É claro que muita gente cheia de boas intenções vai caindo no canto da sereia da extrema-direita, na aspiração do homem providencial. Os brasileiros tiveram o seu “mito” e os americanos o seu “homem de sucesso”, mas o resultado foi o que se viu.
A imagem que resvala para o autoritarismo, do tipo “pôr isto tudo na ordem”, não compagina com o jogo democrático, nem com o regular funcionamento das instituições. A ideia de que os políticos precisam de ser postos na ordem é populista e altamente perigosa. Já vimos este filme em 1926 e durante todo o Estado Novo. A presidência da república é um cargo político e não um posto militar e só em casos históricos muito específicos será conveniente que o país chame para aí um homem fardado.
O que os políticos precisam é de ser escrutinados pela comunicação social, pelas instituições democráticas e pelas populações, e de prestarem contas periodicamente na ida dos eleitores às urnas, o que apenas pode suceder em democracia, através de eleições livres.
Dispensam-se homens providenciais e sebastianismos bacocos. O que faz falta é que os cidadãos cumpram os seus deveres, estejam atentos à coisa pública e que as instituições funcionem.

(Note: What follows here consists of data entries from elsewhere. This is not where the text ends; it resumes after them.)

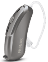
Graphite Gray (P7)
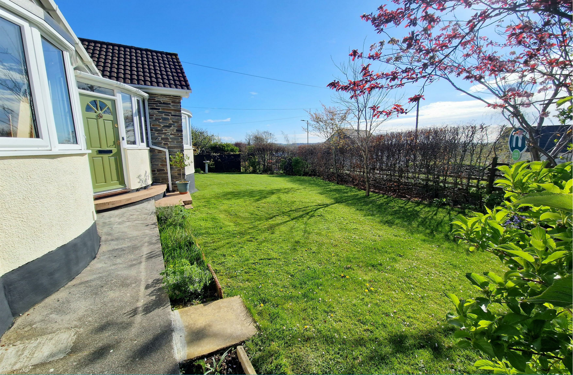
St. Giles-On-The-Heath, Launceston, PL15 9SD
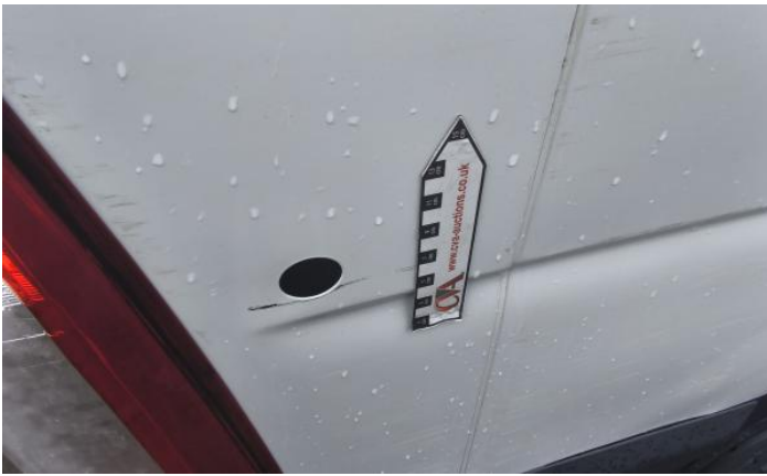
17: Aperture Seal osr Missing Replace
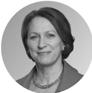
Inga Beale Chief Executive Officer Lloyd's

Chaired by Inga Beale | Chief Executive Officer | Lloyd's
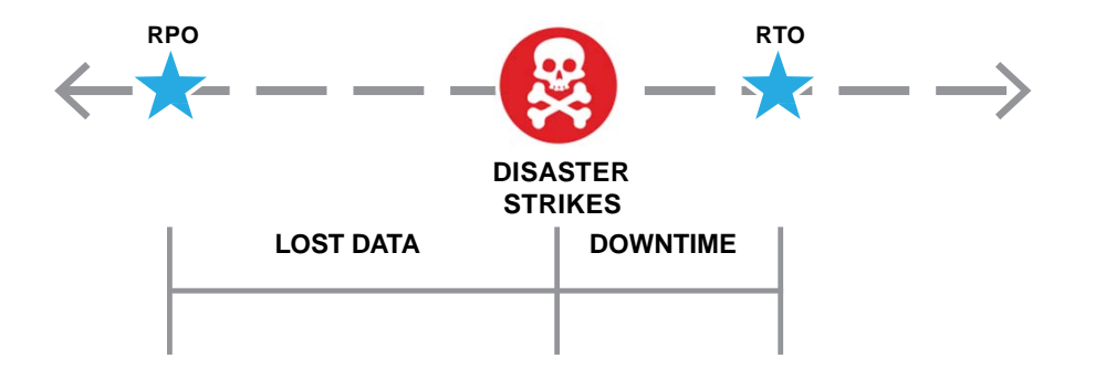
Figure 6: The difference between RPO and RTO

By calculating your desired RTO, you have determined the maximum time that you can be without your data before your business gets into serious trouble. Alternatively, by specifying the RPO, you know how often you need to perform backups, because you know how much data you can afford to lose without damaging your business. You may have an RTO of a day, and an RPO of an hour. Or your RTO might be measured in hours and your RPO in minutes. It's all up to you and what your business requires. But calculating these numbers will help you understand what type of data backup solution you need (See Figure 6).
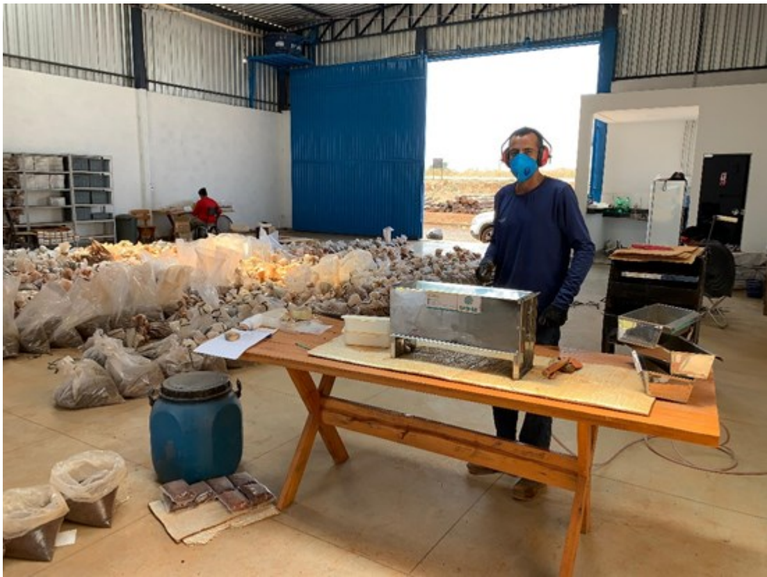
Image 1 - Technician processing samples at Appia's logging facility in Brazil.

To view an enhanced version of this graphic, please visit:
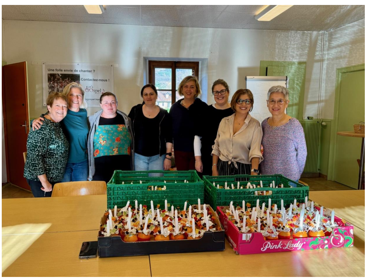
WOW members ++ making Christingles, December 2024
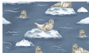
7892-77 Seals Denim
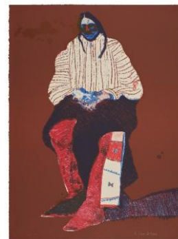
Fritz Scholder Indian with Beaded Sash, from Suite Fifteen, 1975 Estimate: $2,000 – 4,000

artists through her fearless exploration of emotion, politics, and autobiography. Her prints, like her canvases, are layered with meaning and texture, offering a visceral and poetic reflection of both the personal and the political.
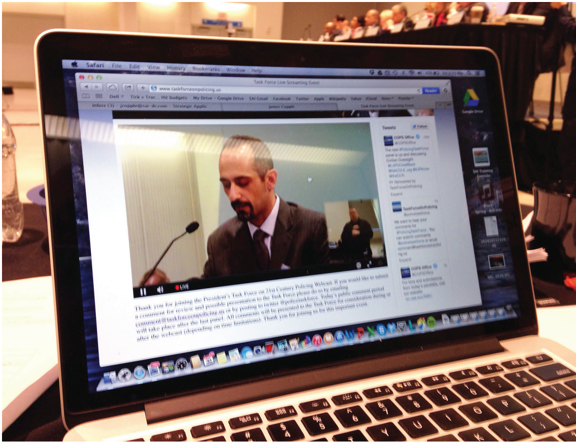
All of the task force listening sessions were streamed live and can still be viewed at the task force website.
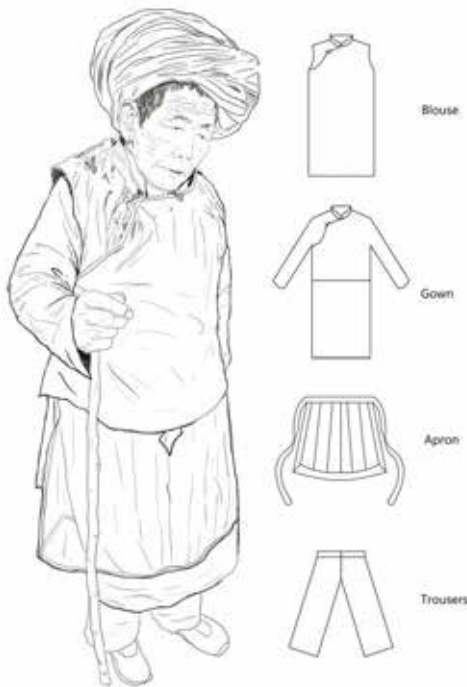
Figure 3: Lanping Type Portraits and Pattern of Lisu costumes

Samples No. 7-12 belong to the second costume type. The costume features are as follows: wearing black headcloth or black/blue Service hat; wearing a blue Blouse inside the upper body, with the right opening of top fly, no sleeves and stand collar, Hem length to knee in front and back. The outer side of the Blouse is a black or blue gown with stand collar and long sleeves, right opening of top fly, Hem short in front and long in back, length front to waist, back to knee. The lower part of the body is wearing black trousers with cotton fabric; and covered with a black cotton apron outside. Since most samples from No. 7-12 are from Lanping County, they are called as "Lanping type of Lisu costumes" (Figure 3).
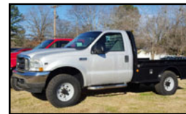
'02 Ford F250 Superduty Local Trade, Flat Red, 4X4, 6 Speed! Stk#571
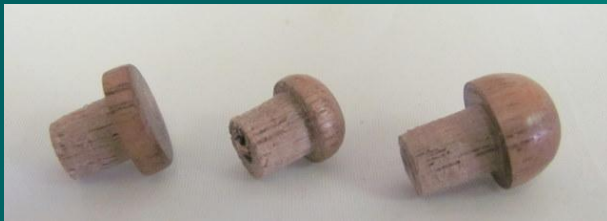
Clip end finial

Actually, any pen kit's parts can be made from these materials.
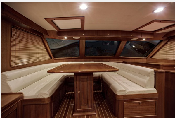
Dining table looking forward
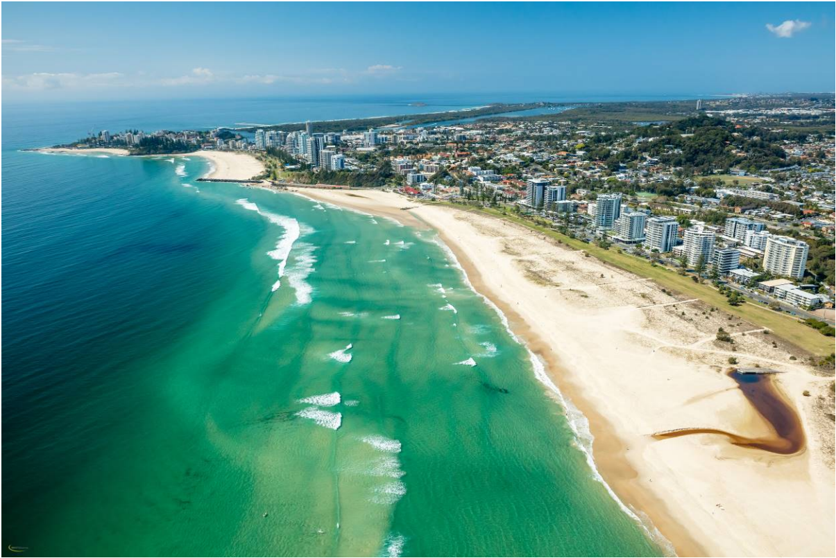
Figure 7 – Kirra looking south
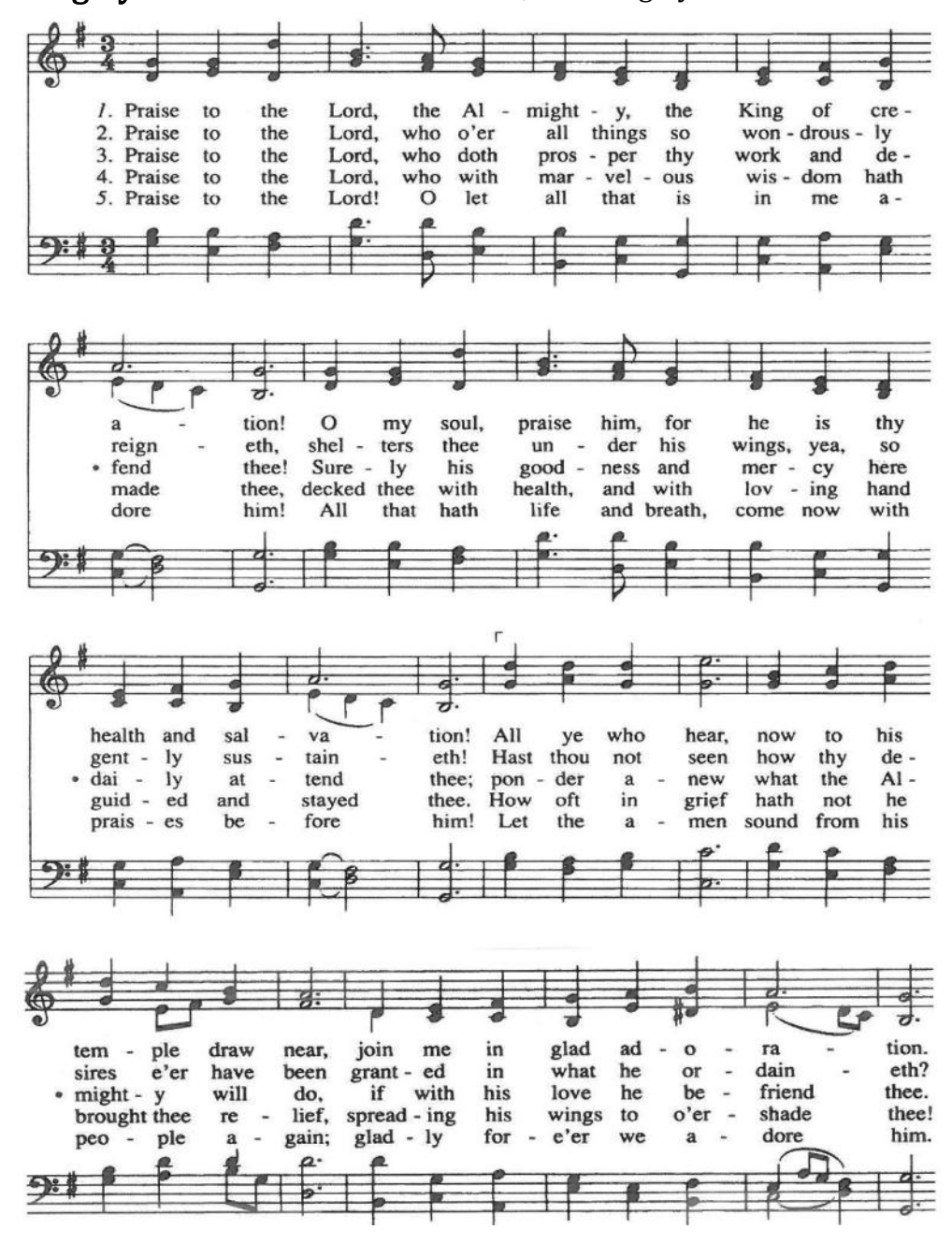
† Opening Hymn #53 "Praise to the Lord, the Almighty"
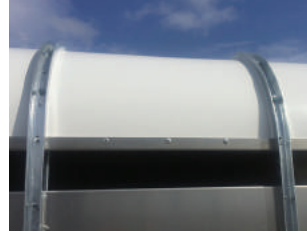
Aluminium spouting reinforces the roof.

Há ano e meio escrevi aqui, sob o título “Deixem o vice-almirante em paz!”: “Só há uma coisa de que as pessoas gostam mais do que de fabricar heróis: é deitá-los por terra na primeira curva da estrada. Se Gouveia e Melo cair na asneira de entrar na política vai arrepender-se depressa.” Continuo a pensar exactamente do mesmo modo. Era bom para ele e para as FAA que Gouveia e Melo se colocasse claramente fora da corrida a Belém. Caso contrário vamos ter problemas pois um país não é um quartel.